A glint of cunning flickered in Finnian’s expression. “As long as the Dean agrees, arranging a meeting is just part of the employee’s job.”

He glanced casually at his phone. “It’s probably too late tonight. What time can you get up tomorrow? And—you really don’t plan to get yourself a dorm room? Just soaking in Lake Hali to sleep every day?”

“?” Hastur only then realized that whenever he logged off, his character model didn’t simply vanish.

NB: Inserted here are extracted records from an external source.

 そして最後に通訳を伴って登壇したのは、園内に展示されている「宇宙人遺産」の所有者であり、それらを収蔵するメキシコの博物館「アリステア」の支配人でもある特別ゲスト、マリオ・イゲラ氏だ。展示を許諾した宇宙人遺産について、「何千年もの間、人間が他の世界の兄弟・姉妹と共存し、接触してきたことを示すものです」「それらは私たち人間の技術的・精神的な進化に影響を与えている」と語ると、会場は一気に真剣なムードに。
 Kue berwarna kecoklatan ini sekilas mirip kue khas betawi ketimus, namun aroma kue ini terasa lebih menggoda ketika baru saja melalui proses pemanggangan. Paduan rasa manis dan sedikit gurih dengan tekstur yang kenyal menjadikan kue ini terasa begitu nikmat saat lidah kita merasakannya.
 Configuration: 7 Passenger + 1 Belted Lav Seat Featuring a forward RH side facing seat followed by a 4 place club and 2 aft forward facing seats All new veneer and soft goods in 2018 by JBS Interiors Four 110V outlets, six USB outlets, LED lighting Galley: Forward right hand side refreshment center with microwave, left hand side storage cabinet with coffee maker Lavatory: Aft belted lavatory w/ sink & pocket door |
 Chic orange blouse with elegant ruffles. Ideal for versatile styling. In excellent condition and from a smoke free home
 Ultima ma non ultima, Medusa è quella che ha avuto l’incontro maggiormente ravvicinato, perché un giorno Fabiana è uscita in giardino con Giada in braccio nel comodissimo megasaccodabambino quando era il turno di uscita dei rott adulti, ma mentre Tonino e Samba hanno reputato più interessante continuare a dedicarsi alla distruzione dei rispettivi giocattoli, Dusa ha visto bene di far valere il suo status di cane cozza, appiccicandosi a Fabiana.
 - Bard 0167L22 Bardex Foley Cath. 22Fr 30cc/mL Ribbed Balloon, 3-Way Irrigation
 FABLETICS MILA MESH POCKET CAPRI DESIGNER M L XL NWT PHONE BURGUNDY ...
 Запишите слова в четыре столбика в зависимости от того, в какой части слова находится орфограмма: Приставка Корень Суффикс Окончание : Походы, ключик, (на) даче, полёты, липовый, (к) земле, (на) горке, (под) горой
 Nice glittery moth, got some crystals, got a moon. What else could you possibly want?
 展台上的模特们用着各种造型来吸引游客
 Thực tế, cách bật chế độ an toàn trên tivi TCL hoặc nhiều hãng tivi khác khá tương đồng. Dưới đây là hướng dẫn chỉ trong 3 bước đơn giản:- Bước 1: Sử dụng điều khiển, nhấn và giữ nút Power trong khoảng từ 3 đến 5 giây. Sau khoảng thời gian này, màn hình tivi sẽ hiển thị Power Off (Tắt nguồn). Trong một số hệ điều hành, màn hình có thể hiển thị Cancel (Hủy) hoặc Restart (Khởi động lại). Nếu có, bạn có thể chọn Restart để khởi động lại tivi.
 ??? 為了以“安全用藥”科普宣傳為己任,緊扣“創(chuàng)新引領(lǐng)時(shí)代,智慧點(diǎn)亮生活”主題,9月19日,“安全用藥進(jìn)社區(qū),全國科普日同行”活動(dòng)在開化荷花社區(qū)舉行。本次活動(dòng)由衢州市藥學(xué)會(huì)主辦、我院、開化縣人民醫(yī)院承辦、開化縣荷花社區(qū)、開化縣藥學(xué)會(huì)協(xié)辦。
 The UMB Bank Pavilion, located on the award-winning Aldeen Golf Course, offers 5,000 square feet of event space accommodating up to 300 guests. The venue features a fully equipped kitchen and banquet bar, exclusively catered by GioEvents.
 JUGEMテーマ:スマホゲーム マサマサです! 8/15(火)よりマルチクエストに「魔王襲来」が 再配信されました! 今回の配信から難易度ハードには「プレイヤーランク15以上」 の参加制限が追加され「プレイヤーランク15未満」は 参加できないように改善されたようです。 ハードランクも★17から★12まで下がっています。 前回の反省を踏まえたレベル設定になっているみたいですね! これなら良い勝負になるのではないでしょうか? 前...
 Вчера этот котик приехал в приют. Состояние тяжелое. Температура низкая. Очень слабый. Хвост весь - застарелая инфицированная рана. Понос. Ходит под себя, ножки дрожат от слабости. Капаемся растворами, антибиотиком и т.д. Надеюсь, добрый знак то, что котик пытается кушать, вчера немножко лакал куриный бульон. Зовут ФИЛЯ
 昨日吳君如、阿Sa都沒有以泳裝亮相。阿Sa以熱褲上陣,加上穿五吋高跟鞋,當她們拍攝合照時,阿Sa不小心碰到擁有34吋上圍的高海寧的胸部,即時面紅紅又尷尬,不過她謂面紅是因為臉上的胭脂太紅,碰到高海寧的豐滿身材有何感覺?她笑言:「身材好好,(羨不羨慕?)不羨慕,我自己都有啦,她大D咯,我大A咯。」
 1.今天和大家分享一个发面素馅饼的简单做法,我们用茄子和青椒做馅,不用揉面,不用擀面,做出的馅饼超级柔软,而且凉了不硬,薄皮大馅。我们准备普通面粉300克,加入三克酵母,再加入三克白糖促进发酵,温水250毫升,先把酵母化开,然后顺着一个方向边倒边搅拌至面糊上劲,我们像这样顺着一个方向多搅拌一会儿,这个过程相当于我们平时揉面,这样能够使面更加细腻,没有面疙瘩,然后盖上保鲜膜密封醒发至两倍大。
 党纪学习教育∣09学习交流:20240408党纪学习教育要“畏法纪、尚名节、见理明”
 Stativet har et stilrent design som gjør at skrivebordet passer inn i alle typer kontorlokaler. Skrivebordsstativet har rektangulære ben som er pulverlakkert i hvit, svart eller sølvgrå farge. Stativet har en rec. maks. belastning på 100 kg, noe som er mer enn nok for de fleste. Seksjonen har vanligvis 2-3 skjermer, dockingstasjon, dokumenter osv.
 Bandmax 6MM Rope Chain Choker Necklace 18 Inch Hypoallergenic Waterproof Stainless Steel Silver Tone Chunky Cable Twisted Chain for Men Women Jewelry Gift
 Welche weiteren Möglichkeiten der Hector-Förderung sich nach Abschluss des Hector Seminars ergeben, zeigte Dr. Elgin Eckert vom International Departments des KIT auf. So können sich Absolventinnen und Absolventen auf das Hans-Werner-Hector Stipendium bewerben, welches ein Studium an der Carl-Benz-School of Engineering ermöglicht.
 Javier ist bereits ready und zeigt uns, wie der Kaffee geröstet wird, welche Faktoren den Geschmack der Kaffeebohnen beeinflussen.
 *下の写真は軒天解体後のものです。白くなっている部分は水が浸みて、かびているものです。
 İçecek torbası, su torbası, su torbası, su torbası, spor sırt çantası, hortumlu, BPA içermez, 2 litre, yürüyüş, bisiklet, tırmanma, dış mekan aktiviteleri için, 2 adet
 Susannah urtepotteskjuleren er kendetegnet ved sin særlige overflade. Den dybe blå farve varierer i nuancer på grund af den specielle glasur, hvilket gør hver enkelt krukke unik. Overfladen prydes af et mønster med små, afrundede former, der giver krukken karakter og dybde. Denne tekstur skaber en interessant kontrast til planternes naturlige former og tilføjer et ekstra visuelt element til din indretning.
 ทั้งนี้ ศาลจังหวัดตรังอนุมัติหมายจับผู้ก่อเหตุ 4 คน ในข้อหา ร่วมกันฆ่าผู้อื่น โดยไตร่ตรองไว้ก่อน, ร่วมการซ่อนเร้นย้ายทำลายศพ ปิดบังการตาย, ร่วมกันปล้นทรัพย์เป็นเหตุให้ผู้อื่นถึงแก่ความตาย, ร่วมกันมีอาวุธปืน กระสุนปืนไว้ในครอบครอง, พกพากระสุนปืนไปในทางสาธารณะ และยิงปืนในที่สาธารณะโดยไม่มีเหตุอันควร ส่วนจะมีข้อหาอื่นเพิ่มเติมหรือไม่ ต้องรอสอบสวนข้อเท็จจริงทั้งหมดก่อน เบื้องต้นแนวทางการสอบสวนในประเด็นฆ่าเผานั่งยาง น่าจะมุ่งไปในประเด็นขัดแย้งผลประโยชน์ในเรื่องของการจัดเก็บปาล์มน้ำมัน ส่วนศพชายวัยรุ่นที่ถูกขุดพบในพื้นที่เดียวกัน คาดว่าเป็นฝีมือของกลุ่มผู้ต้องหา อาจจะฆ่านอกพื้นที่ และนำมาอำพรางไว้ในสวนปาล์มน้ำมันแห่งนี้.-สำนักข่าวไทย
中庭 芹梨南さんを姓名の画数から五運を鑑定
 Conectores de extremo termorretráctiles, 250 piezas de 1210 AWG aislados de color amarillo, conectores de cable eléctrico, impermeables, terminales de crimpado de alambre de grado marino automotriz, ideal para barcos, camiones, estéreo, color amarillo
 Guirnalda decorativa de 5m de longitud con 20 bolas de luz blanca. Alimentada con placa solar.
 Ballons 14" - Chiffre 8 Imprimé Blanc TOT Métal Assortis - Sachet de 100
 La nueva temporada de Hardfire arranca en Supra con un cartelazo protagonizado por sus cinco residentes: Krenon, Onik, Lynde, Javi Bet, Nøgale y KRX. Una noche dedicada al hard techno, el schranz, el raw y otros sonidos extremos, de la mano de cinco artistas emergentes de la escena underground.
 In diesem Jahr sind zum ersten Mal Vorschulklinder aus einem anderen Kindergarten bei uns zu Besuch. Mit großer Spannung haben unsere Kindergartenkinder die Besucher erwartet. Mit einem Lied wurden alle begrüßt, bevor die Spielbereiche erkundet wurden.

In the eyes of the NPCs, he was merely soaking in Lake Hali to sleep.

—The in-game version of him lived more like a true eldritch god than the real one.

Hastur, who had evolved away his need for sleep just to keep playing, glanced at the anti-addiction prompt. “If it’s early, five p.m. If late…”

No overworked office drone could predict, before dragging themselves to work in the morning, just how late they’d be stuck with overtime that day.

Hastur—whose “hatred of work” had ticked up another 10% today—turned to Dustin. Before logging off for work, he made sure to fulfill his fatherly duties.

“Ithaqua says he wants to pursue criminal investigation in the future. If you have time down the line, could you offer a few related courses at the school?”

This wasn’t just tiger parenting. Boosting the faculty was also one of the ways to upgrade the school’s level.

After holding back for a full month, Hastur had finally made his move on that long-coveted pool of untapped teaching talent!

Dustin had no clue that a pair of muddy yellow eyes had been secretly spying on him for ages. “Ithaqua’s interested in criminal investigation? Of course! But I can’t commit to a fixed schedule. Maybe we could do it as irregular public lectures?”

As Hastur watched the school’s level finally break through, he found a sliver of meager comfort at last. His tentacles slowly unfurled in satisfaction.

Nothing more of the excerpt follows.